• _DIRECTIONS_: Return every line of the data below exactly, but do not include the images.

• _MATERIAL PROVIDED_:
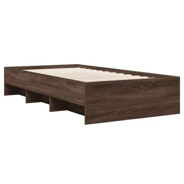 Zagotovite si boljši spanec s tem posteljnim okvirjem! Je prijeten dodatek za vsako spalnico. Vzdržljiv material: Posteljni okvir je izdelan iz inženirskega lesa. Inženirski les se ponaša z izjemno kakovostjo, gladko površino ter močjo, stabilnostjo in odpornostjo na vlago.Podnožje z letvami za optimalno podporo: Za podporo in zračnost ležišča je posteljni okvir opremljen z letvenim dnom.Funkcija shranjevanja: Ta posteljni okvir ima odprte predelke za dobro organizacijo revij, knjig, igrač in drugih manjših predmetov. Dobro je vedeti:Vzmetnica ni priložena tej postelji. Ponujamo različno izbiro ležišč. V naši trgovini si lahko ogledate ustrezne vzmetnice.Barva: Rjav hrastMaterial posteljnega okvirja: Inženirski lesMaterial letvic: Vezan lesCelotne dimenzije: 193 x 93 x 35 cm (D x Š x V)Dimenzije predelka (vsak): 63,5/60 x 18,5 x 15 cm (D x Š x V)Velikost primerne vzmetnice: 90 x 190 cm (Š x D) (vzmetnica ni priložena)Potrebno sestavljanje: Da
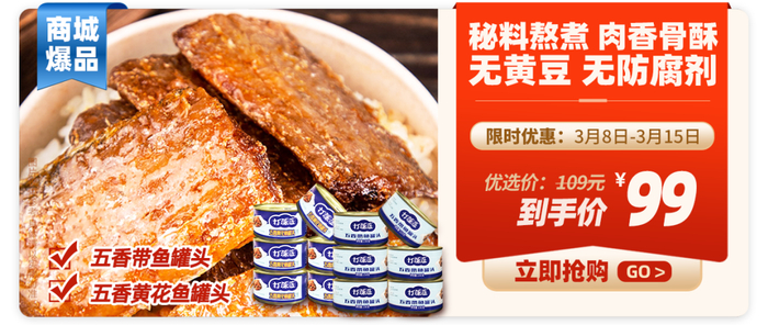 五香带鱼6罐+五香黄花鱼6罐 /99元
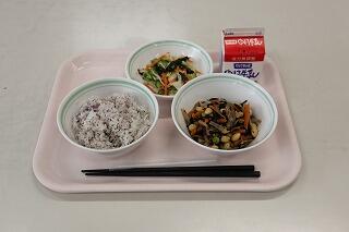 ゆかりごはん、牛乳、ひじきの炒り煮、甘酢和え

• _FINAL ANSWER_:
 Zagotovite si boljši spanec s tem posteljnim okvirjem! Je prijeten dodatek za vsako spalnico. Vzdržljiv material: Posteljni okvir je izdelan iz inženirskega lesa. Inženirski les se ponaša z izjemno kakovostjo, gladko površino ter močjo, stabilnostjo in odpornostjo na vlago.Podnožje z letvami za optimalno podporo: Za podporo in zračnost ležišča je posteljni okvir opremljen z letvenim dnom.Funkcija shranjevanja: Ta posteljni okvir ima odprte predelke za dobro organizacijo revij, knjig, igrač in drugih manjših predmetov. Dobro je vedeti:Vzmetnica ni priložena tej postelji. Ponujamo različno izbiro ležišč. V naši trgovini si lahko ogledate ustrezne vzmetnice.Barva: Rjav hrastMaterial posteljnega okvirja: Inženirski lesMaterial letvic: Vezan lesCelotne dimenzije: 193 x 93 x 35 cm (D x Š x V)Dimenzije predelka (vsak): 63,5/60 x 18,5 x 15 cm (D x Š x V)Velikost primerne vzmetnice: 90 x 190 cm (Š x D) (vzmetnica ni priložena)Potrebno sestavljanje: Da
 五香带鱼6罐+五香黄花鱼6罐 /99元
 ゆかりごはん、牛乳、ひじきの炒り煮、甘酢和え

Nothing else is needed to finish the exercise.